WORK TO BE COMPLETED: Copy exactly the lines from the one containing "డిమాండ్ ఉన్న వాతావరణాల" through the last line of the records below, both included, and leave out the pictures.

Collected data:
···
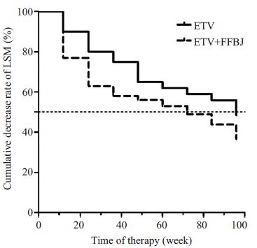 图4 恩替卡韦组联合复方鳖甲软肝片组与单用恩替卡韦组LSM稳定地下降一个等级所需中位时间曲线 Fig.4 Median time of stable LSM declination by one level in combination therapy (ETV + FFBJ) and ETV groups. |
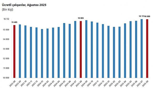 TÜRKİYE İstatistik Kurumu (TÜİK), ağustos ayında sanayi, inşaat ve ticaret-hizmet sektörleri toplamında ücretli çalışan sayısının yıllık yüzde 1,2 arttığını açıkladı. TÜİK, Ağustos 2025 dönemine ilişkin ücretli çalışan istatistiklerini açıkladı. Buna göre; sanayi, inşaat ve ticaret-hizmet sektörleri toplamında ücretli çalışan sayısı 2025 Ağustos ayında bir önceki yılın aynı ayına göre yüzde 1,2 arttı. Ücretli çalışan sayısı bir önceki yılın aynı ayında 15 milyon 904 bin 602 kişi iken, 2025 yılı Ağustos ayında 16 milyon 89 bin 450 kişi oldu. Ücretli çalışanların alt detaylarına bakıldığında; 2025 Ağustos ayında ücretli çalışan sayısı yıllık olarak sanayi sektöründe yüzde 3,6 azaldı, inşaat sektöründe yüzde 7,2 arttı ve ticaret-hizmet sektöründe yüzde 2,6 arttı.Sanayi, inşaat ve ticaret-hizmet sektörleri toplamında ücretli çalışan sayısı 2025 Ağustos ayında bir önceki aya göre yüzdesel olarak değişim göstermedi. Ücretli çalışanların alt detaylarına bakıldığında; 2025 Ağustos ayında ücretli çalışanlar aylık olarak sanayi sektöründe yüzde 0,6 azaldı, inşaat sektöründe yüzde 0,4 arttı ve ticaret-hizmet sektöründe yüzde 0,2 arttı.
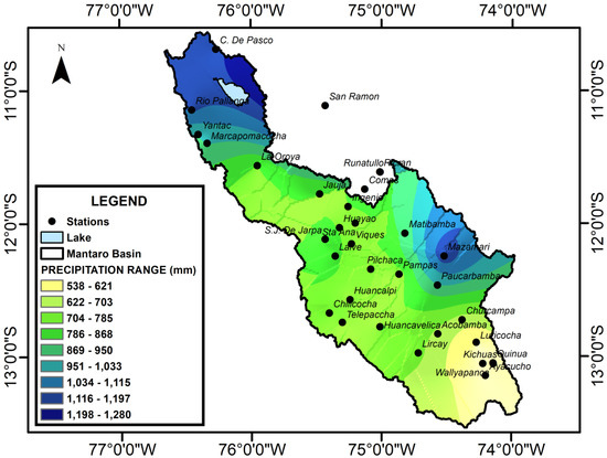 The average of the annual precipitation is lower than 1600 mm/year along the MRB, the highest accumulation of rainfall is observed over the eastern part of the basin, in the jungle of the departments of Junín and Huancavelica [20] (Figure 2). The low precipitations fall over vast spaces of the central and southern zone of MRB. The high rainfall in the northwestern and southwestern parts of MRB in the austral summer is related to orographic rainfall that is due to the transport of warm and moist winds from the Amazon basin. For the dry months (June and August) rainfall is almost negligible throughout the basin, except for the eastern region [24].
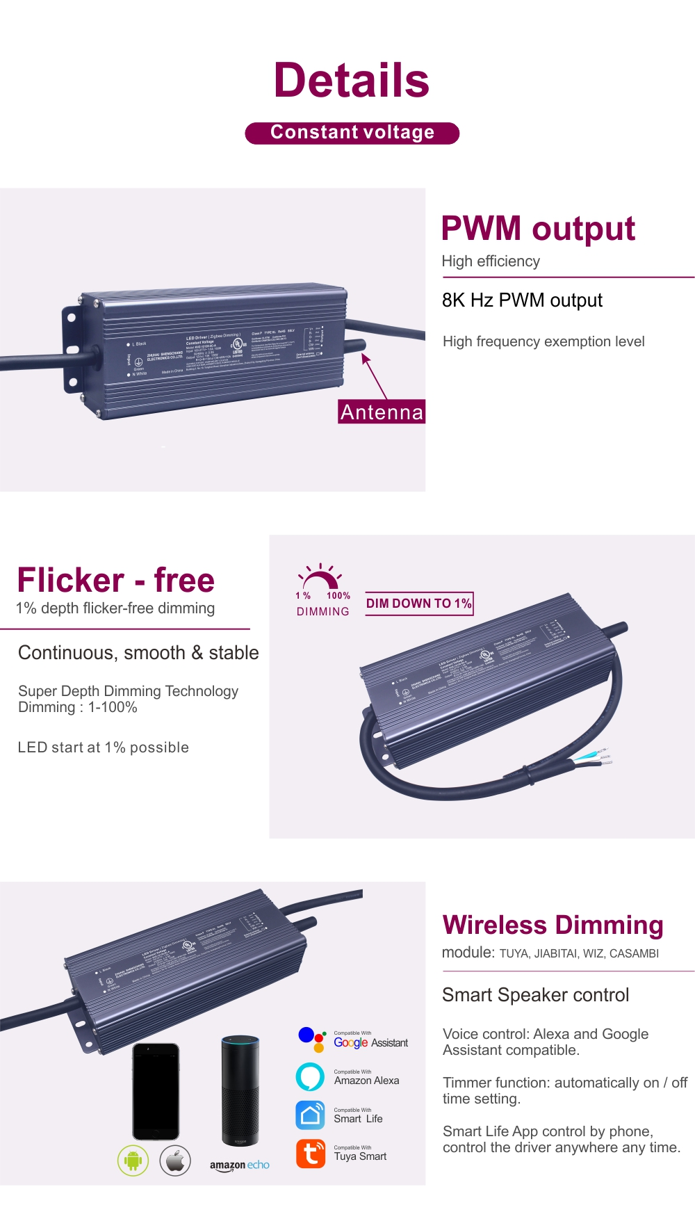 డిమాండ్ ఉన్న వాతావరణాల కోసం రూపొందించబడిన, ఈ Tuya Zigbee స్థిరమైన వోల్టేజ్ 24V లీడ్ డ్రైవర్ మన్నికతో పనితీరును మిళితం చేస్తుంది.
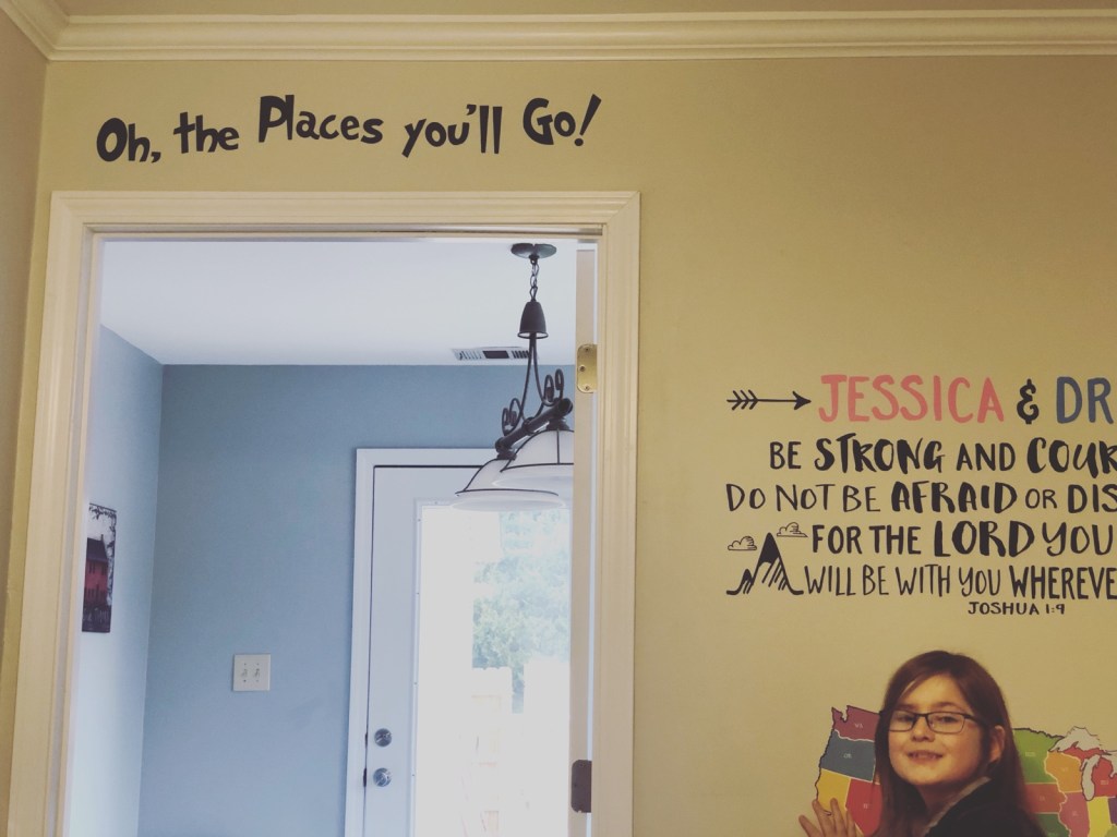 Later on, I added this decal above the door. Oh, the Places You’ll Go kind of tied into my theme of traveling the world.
···
TASK RESULT:
 డిమాండ్ ఉన్న వాతావరణాల కోసం రూపొందించబడిన, ఈ Tuya Zigbee స్థిరమైన వోల్టేజ్ 24V లీడ్ డ్రైవర్ మన్నికతో పనితీరును మిళితం చేస్తుంది.
 Later on, I added this decal above the door. Oh, the Places You’ll Go kind of tied into my theme of traveling the world.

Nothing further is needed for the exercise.